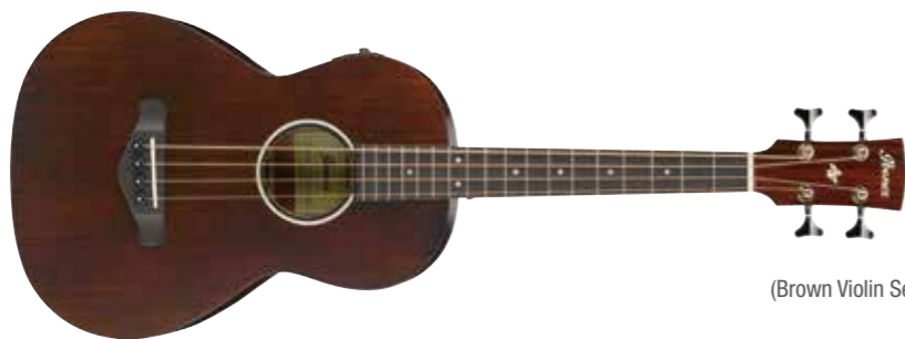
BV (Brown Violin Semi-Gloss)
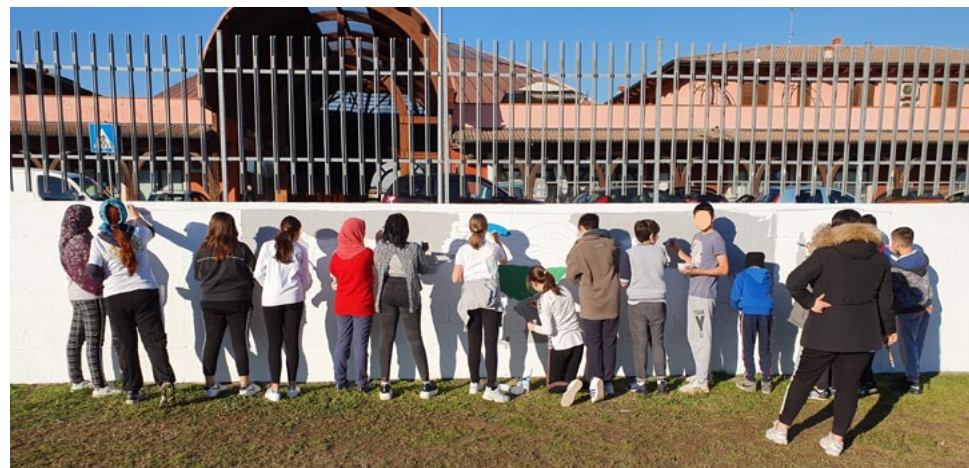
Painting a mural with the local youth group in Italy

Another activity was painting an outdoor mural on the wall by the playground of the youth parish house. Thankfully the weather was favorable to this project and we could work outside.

* * *

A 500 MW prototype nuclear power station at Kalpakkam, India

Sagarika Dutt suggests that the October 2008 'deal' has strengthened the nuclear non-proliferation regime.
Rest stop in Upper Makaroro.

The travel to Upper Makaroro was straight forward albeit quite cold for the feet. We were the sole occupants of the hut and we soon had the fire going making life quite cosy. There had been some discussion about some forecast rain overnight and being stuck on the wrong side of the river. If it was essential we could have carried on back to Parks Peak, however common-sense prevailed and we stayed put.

Work request :: Above is the material; set down exactly its lines from the one containing "BV (Brown Violin Semi-Gloss)" down to the one containing "Another activity was", both included, leaving out any pictures.

Solution to this problem ::
BV (Brown Violin Semi-Gloss)
Painting a mural with the local youth group in Italy

Another activity was painting an outdoor mural on the wall by the playground of the youth parish house. Thankfully the weather was favorable to this project and we could work outside.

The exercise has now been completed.